I usually sit quiet when the folks recall that incident, with an occasional additional spice to the story. But, there was one occasion a few years ago when I mildly countered that the dead do not come back and that it is entirely possible that the cousin was merely acting out some emotion, angst, buried deep within. It is not grandma's spirit who was calling for attention and that it was the cousin instead.
That was the only occasion I suggested that they could, and should, look at it differently. As it happens in the classroom, or the faculty meetings that I used to attend, nobody cared for my explanation!
Well, not really. It turned out that it had registered in mother's radar. Later she asked me in her mild way how I could be confident that it was not grandmother. I suggested to her that science does not claim that there are answers to every question. However, when more realistic reasons are possible--like perhaps the cousin needing some kind of a professional psychological analysis, and when there is no evidence for dead people coming back, well, ...

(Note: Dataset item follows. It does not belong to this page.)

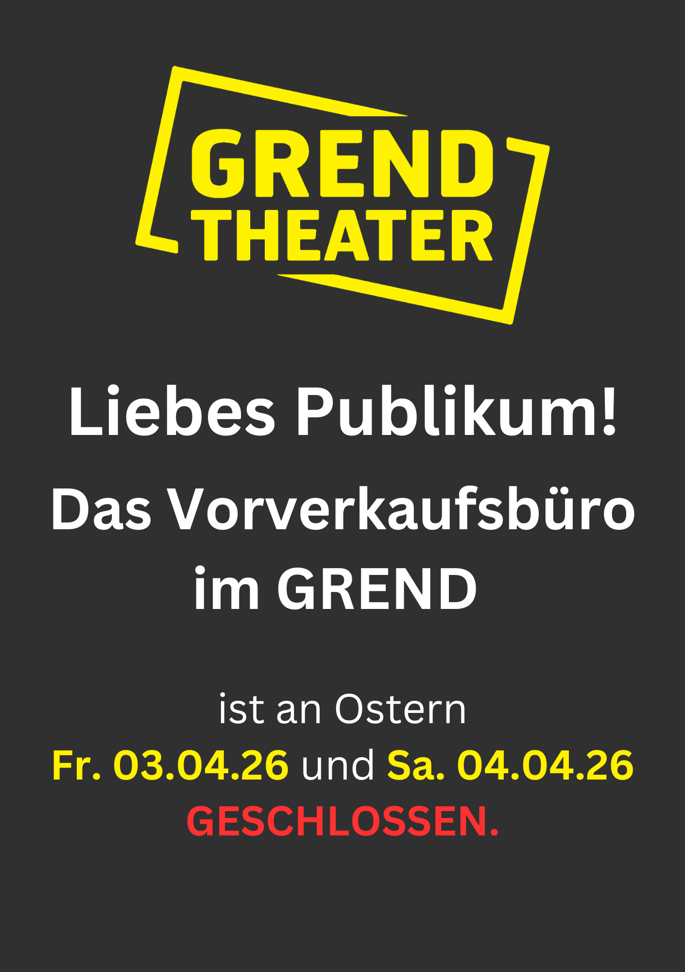 GRENDTheater Zusatzinfos (gelb unterlegt): FÄLLT AUS!

I gave her another example of how in the old days, the illiterate, and even the religious, interpreted an eclipse as a war between the good and evil forces. Scientific thinking--even in the old India--explained that there were no gods and demons involved here, and that one could even predict when eclipses would occur. As with explaining the eclipse, slowly, in many aspects of life, we have been able to drive out the old incorrect explanations, and offer rational ones that withstand scrutiny.
We have a long way to go, but it does not mean that we will have to fill the gaps with "faith." It is entirely acceptable to be scientific and admit that we have not figured out quite a few things yet. Like with that possibly the oldest questions ever--how did this universe come about. What was there before the Big Bang? How could all these have come about from nothing?

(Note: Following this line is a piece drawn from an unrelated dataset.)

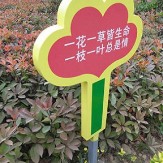 花草牌是指樹立在花草叢中用于提示愛護的標(biāo)識牌。又稱牌或草牌,屬于溫馨提示的范疇。花草牌一般較矮,一般高度在40公分到1.2米之間,是雙面,厚度一般是4公左右。有鋼板的,有純實木的,或上述材質(zhì)相互結(jié),制作工藝為: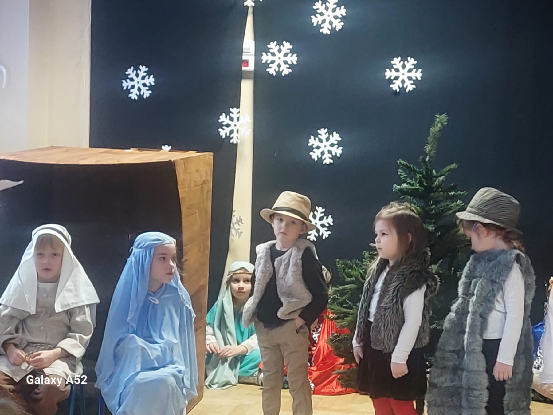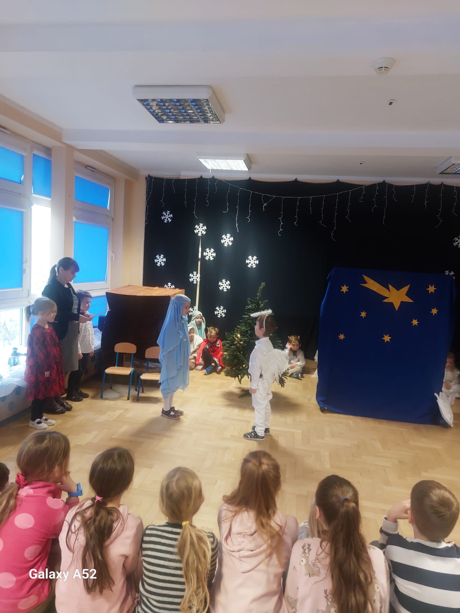 Rewizyta dzieci ze Szkoły Podstawowej nr 9 była dla nas wielką radością. Tym razem uczniowie szkoły odwiedzili naszą grupę, aby obejrzeć piękny występ jasełkowy w wykonaniu przedszkolaków z grupy III. Dziękujemy Paniom oraz wszystkim dzieciom za wspólnie spędzony czas, uśmiechy, miłą atmosferę oraz cudowne prezenty. To było wyjątkowe spotkanie, które na długo pozostanie w naszej pamięci.

why is there something rather than nothing? There just is. The is-ness of the universe is one of its interesting features. Sorry if that isn’t satisfactory. It is because it is. Let’s move on.Perhaps in the future somebody like an Einstein will come along and write a simple equation with merely three letters of the alphabet and one digit and explain it all. But, for now, the questions we are after are too darn complicated for simple narratives. It is not your grandfather's science anymore--heck, not even Ernest Rutherford's!
Obviously there remain huge cosmological questions, like the fate of the universe. And we’d all like to know what happened before the Big Bang, but I’m fairly persuaded by the Hawking notion that time itself begins at the Big Bang and there’s no “before.” There’s no boundary.
As we muddle through and explore this universe towards understanding how we happen to be here, we have to deal with a great deal of unknowns. We sort out, as Carl Sagan pointed out, speculation from fact. Michael Shermer articulates the argument that I have offered in my own less sophisticated ways for a number of years:
in answer to the question Why is there something instead of nothing?, it is okay to say “I don’t know” and keep searching. There is no need to turn to supernatural answers just to fulfill an emotional need for certainty and comfort. Science’s uncertainty is its greatest strength. We should embrace it.Indeed!